Choubris felt the heat of the other man’s face upon his breast, and a dampness sp
read across his shirt. He lifted his hand to pat the prince’s head, but that seemed too much like the action one would take with a woman or a child, and he let his hand fall back again. He felt shaken. Even at his most raucously or self-pityingly drunken, the prince had never seemed so moved, so affected, so distressed, by anything; not the death of his elder brother, not losing a beloved mount to a wager, not realising his father thought him a dolt and a wastrel – nothing.
“Sir,” Choubris said, taking the prince by his shoulders and setting him upright again. “This is too much for me to absorb at the single sitting. I too would rather think my own dear master mad than entertain the possibility that what he says is true, for if it’s so then – by God – we are all halfway to madness and the heavens themselves might fall upon us now and cause no increase in disaster or disbelief.” Ferbin was biting both his quivering lips together, like a child trying not to cry. Choubris reached out and patted one of his hands. “Let me tell you what I’ve heard, various but consistent from a mixture of guileless strapping military types, and seen on an army news sheet, too; what is the official and authorised version, as you might say. Perhaps hearing this will make a compromise in your poor head with the fever possessing you.”

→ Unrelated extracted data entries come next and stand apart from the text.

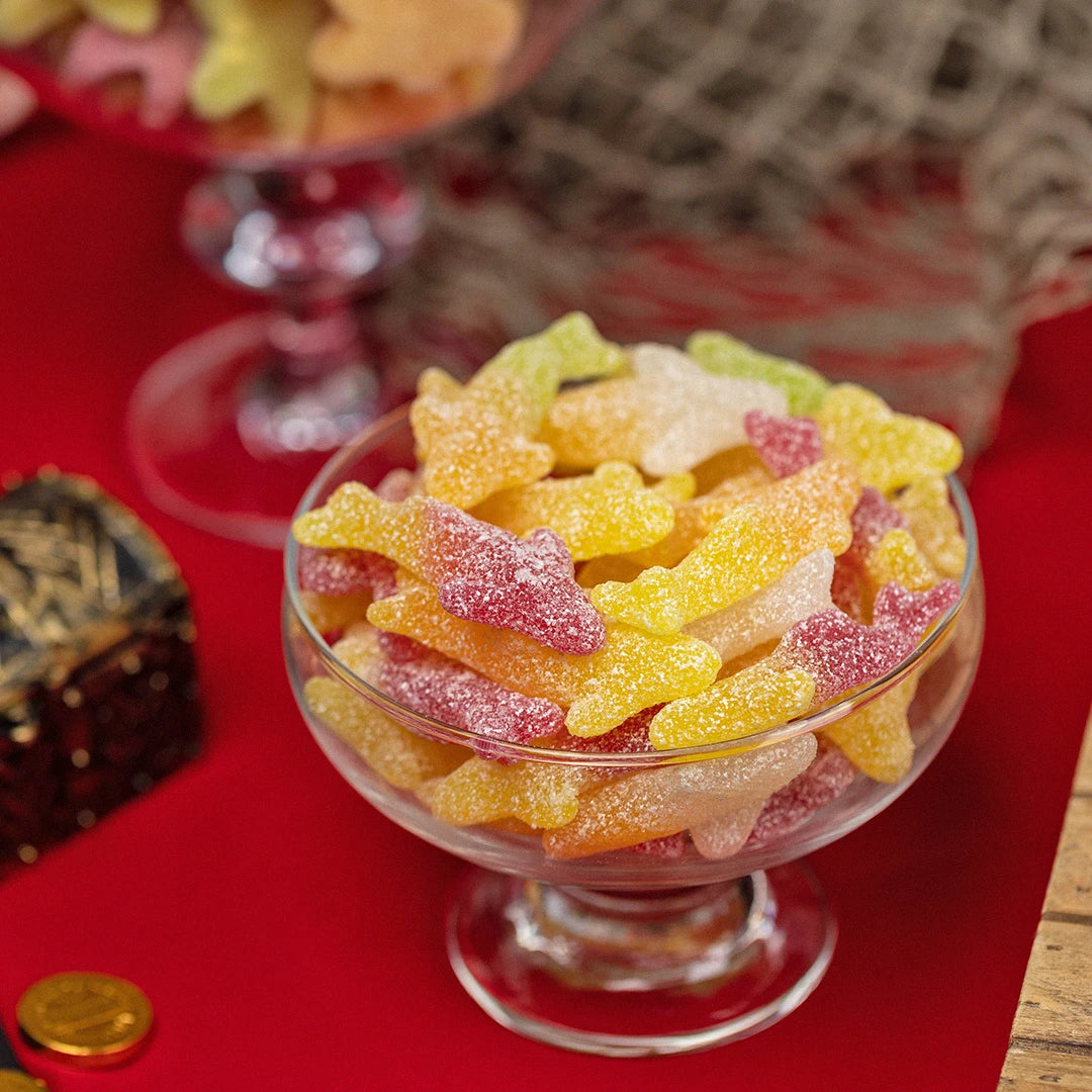 Dive into a sea of flavor with Gustaf's® Sour Gummy Sharks! 🦈 These fun, shark-shaped gummies offer a tantalizing blend of sweet and sour in every bite. Each aquatic predator comes in a variety of fruity flavors, including apple, lemon, raspberry, pear, and orange. Made with GMO-free ingredients, these gummies are perfect for parties, movie nights, or simply satisfying your sweet tooth.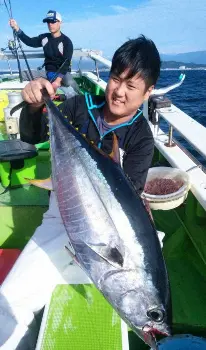 【ココが一番!】「オダモン」が今、相模湾で暴れまくっている。主に西湘・小田原沖で釣れるモンスター級のキハダのことだ。50キロを超す大物で、最近になって60キロ超級も顔を見せだした。コンスタントな釣果が出ている葉山鐙摺・たいぞう丸でトライ!(スポニチAPC 林 悠二)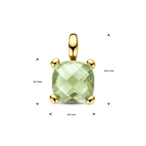 14k Geelgouden hanger uitgevoerd met groen amethist. De hanger heeft een afmeting van 13.5×8.5mm.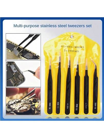 6pcs Metal Tweezers Set, Precision ESD Pointed & Angled Tweezers Bag, 1mm Straight, Angled, Eyebrow Tweezers, Repair Tool - Black - View 1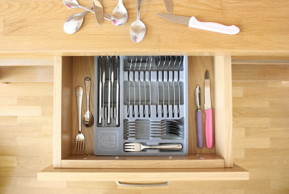 Spôsob uloženia príboru v zásuvke môže byť malý problém. V obchodoch dostupné príborníky a rozdeľovače nemusia korešpondovať s (kratšími) rozmermi vašej na mieru vyrobenej zásuvky. Aby v nej nenastal chaos a každý kúsok bol uložený na svojom mieste, použiť môžete priamo originál podložku z balenia vášho príboru. Pre každú lyžičku či nôž má vymyslené samostatné priehradky a jej jemný semišový povrch zaručí, že bude príbor uskladnený šetrne, bez škrabancov a bez poškodenia pri prehrabávaní sa v zásuvke. Väčší poriadok sa v nej už snáď ani dosiahnuť nedá.
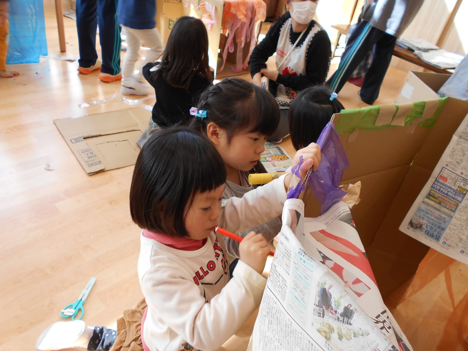 お話が終わって、みんなでひみつ基地をつくるよ~エイエイオー!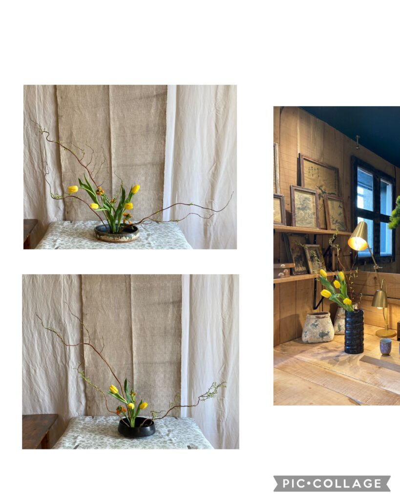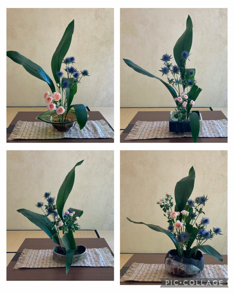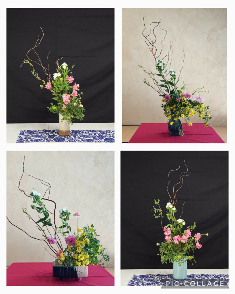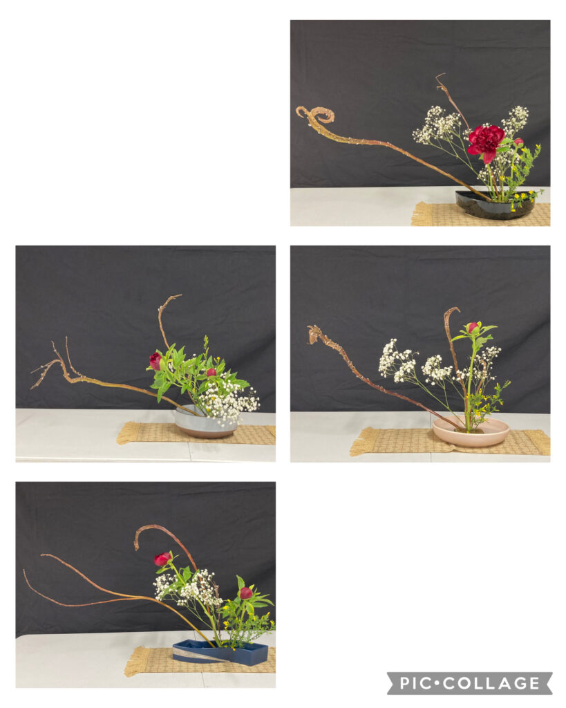 Nous avons utilsé les limoniums colorées pour réaliser la composition d’ikebana...

Ferbin laughed bitterly, putting his head back again and sobbing even while he seemed to smile. He raised the wine bottle to his lips, then let it fall aside, dropping it to the bare ground. “Pass me the water; I’ll pray some dead cur upstream polluted it, so I may poison myself by mouth as you pour it in at my ear. A job worth doing!”
Choubris cleared his throat to hide his astonishment. This was unprecedented; Ferbin putting aside a bottle unfinished. He was mad with something all right. “Well, sir. They say the King died of his wound – a small-cannon shot to his right side.”